■ **Exercise details**
Output only the lines below from the one holding "Accueil > Billets" down to the one holding "Chumia 4 Pack", both end lines included and every picture dropped.
─── Extracted entries
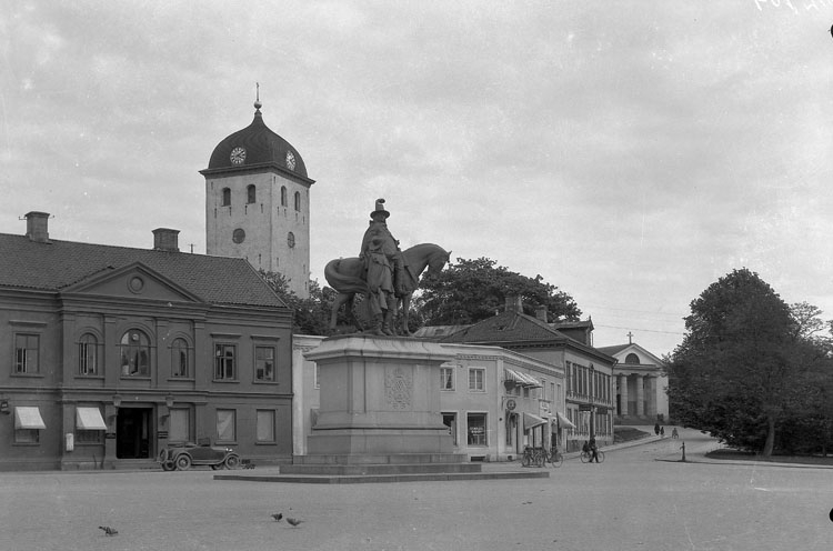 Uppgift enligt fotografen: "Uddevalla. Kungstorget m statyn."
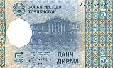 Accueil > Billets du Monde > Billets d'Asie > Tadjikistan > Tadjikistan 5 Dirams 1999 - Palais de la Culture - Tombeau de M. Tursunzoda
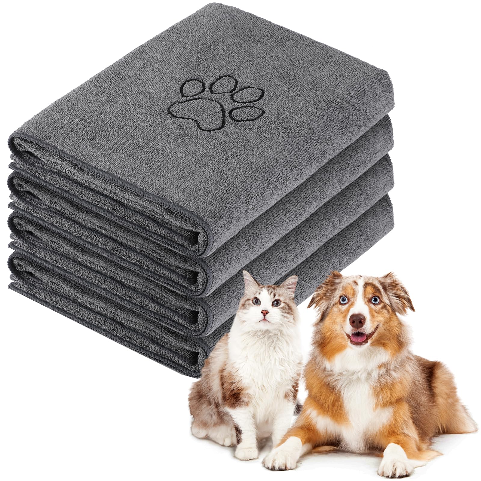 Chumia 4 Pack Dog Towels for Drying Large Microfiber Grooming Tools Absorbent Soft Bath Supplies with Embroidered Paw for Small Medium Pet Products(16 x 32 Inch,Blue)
──────
─── Extracted entries
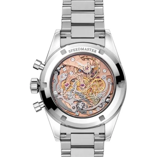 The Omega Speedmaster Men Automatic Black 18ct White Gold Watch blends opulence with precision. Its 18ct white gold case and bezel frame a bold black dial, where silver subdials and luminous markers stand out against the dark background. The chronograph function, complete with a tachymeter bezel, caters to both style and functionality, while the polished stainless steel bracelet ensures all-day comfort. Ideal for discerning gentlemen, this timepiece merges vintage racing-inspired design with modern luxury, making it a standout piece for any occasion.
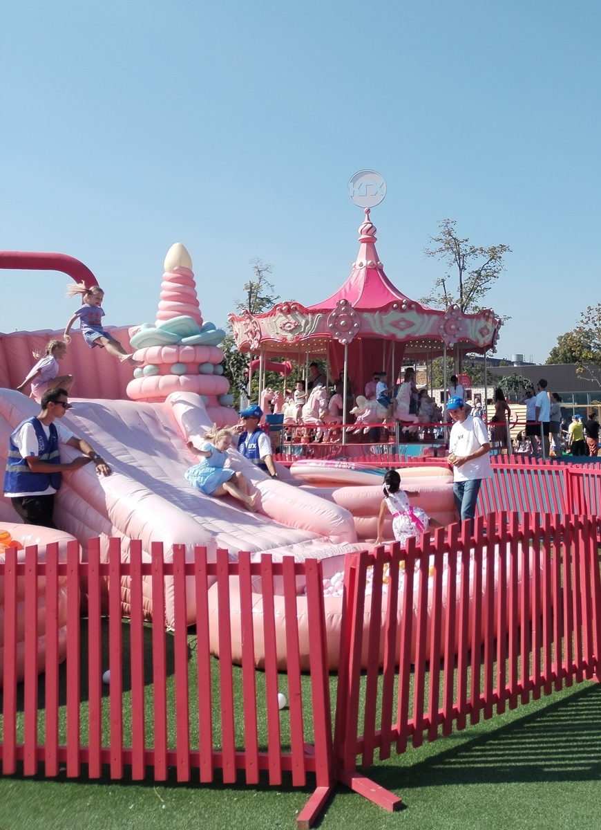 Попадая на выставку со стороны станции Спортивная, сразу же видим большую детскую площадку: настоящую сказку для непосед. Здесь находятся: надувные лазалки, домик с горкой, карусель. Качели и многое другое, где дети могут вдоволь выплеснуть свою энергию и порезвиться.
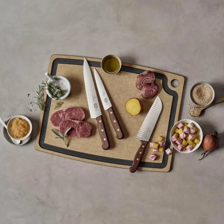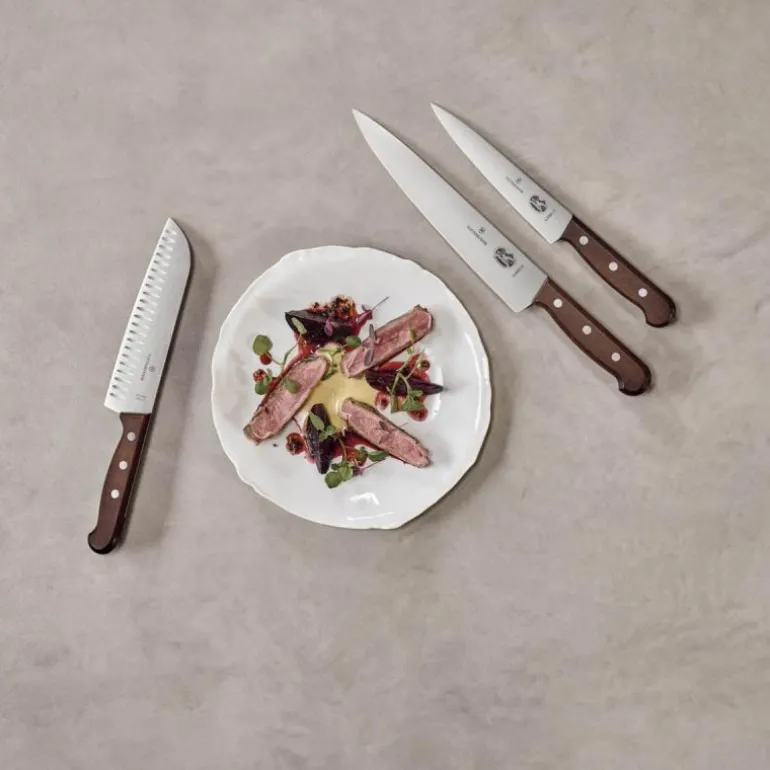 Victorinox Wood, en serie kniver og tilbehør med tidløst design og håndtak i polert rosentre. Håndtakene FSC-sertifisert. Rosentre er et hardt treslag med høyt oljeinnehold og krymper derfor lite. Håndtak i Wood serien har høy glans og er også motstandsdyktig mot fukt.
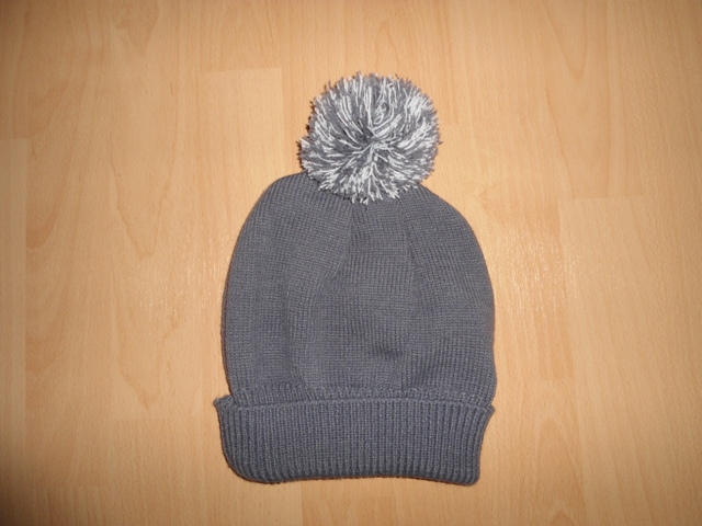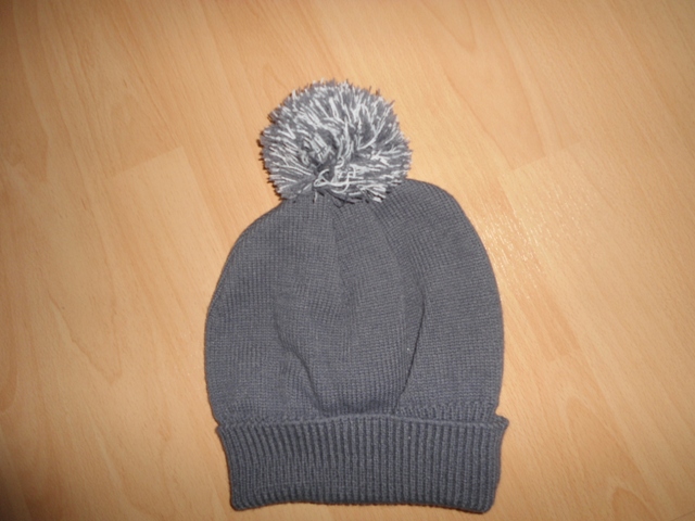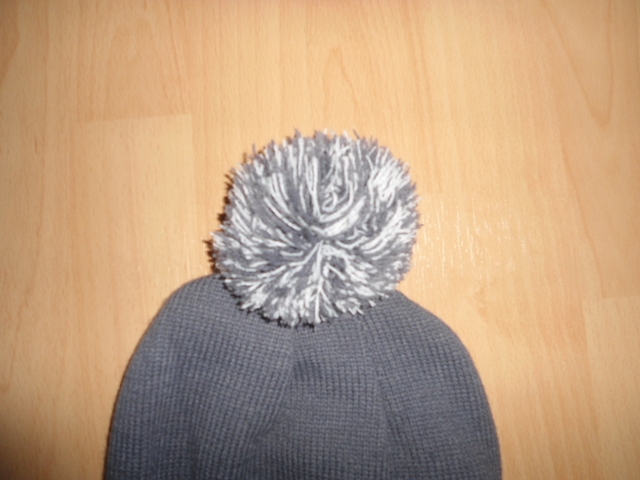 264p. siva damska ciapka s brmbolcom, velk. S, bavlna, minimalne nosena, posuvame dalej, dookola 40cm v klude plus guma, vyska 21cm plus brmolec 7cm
──────
■ **Result of the exercise**
 Accueil > Billets du Monde > Billets d'Asie > Tadjikistan > Tadjikistan 5 Dirams 1999 - Palais de la Culture - Tombeau de M. Tursunzoda
 Chumia 4 Pack Dog Towels for Drying Large Microfiber Grooming Tools Absorbent Soft Bath Supplies with Embroidered Paw for Small Medium Pet Products(16 x 32 Inch,Blue)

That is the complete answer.